_BRIEF_. Word for word, restate the records from their first line through the line with "オンライン上で購入可能な、ス", both ends included; omit each picture.

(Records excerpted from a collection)
----------------------------------------
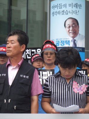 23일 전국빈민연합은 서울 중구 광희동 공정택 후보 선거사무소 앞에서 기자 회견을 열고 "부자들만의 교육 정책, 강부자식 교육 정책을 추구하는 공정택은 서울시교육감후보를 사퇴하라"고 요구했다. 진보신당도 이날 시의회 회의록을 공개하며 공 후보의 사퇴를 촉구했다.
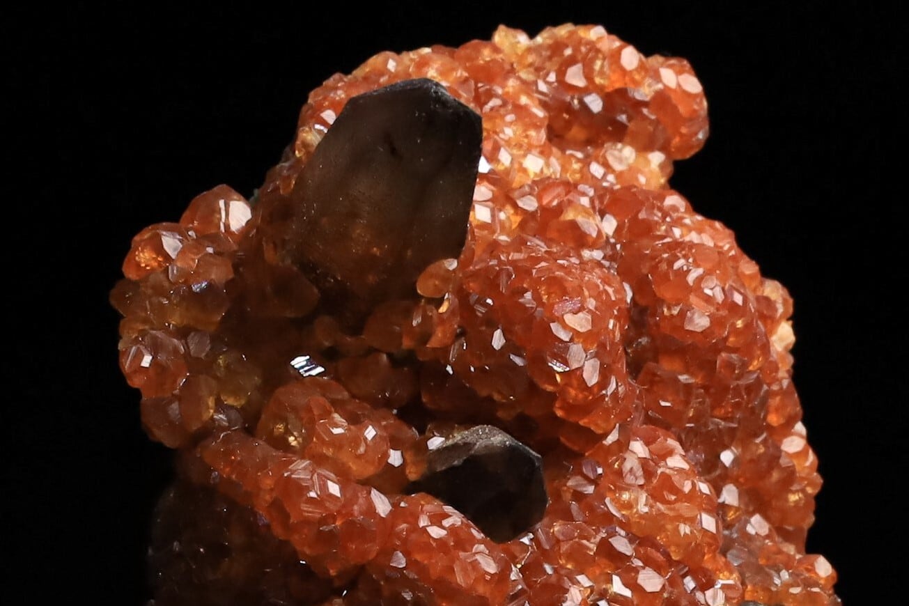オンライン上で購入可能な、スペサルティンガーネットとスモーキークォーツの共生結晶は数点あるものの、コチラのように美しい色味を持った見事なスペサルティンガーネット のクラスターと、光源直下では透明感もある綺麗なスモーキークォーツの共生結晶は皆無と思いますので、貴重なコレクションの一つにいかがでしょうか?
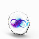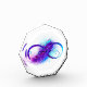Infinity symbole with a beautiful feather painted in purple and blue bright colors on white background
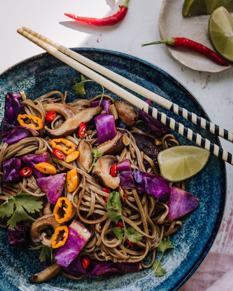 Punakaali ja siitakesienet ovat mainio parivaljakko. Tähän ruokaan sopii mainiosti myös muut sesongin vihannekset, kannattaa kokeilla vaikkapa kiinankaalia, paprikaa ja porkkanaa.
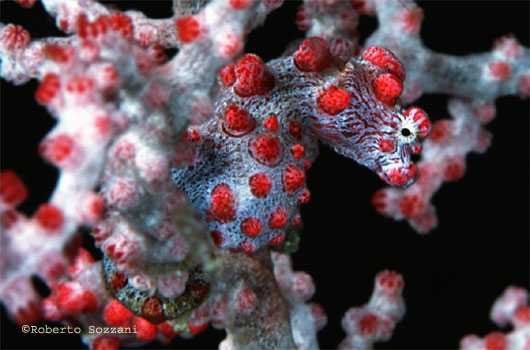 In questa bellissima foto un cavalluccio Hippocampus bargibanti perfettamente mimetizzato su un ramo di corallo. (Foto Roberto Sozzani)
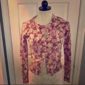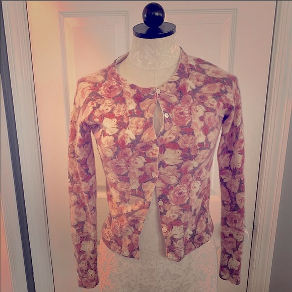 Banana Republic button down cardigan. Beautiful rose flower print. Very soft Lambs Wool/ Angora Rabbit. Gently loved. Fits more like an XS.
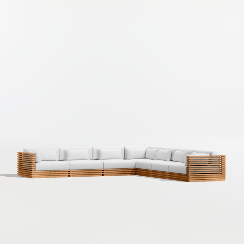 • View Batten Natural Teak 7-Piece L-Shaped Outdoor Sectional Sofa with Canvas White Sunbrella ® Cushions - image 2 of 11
----------------------------------------
_WORKED SOLUTION_.
 23일 전국빈민연합은 서울 중구 광희동 공정택 후보 선거사무소 앞에서 기자 회견을 열고 "부자들만의 교육 정책, 강부자식 교육 정책을 추구하는 공정택은 서울시교육감후보를 사퇴하라"고 요구했다. 진보신당도 이날 시의회 회의록을 공개하며 공 후보의 사퇴를 촉구했다.
オンライン上で購入可能な、スペサルティンガーネットとスモーキークォーツの共生結晶は数点あるものの、コチラのように美しい色味を持った見事なスペサルティンガーネット のクラスターと、光源直下では透明感もある綺麗なスモーキークォーツの共生結晶は皆無と思いますので、貴重なコレクションの一つにいかがでしょうか?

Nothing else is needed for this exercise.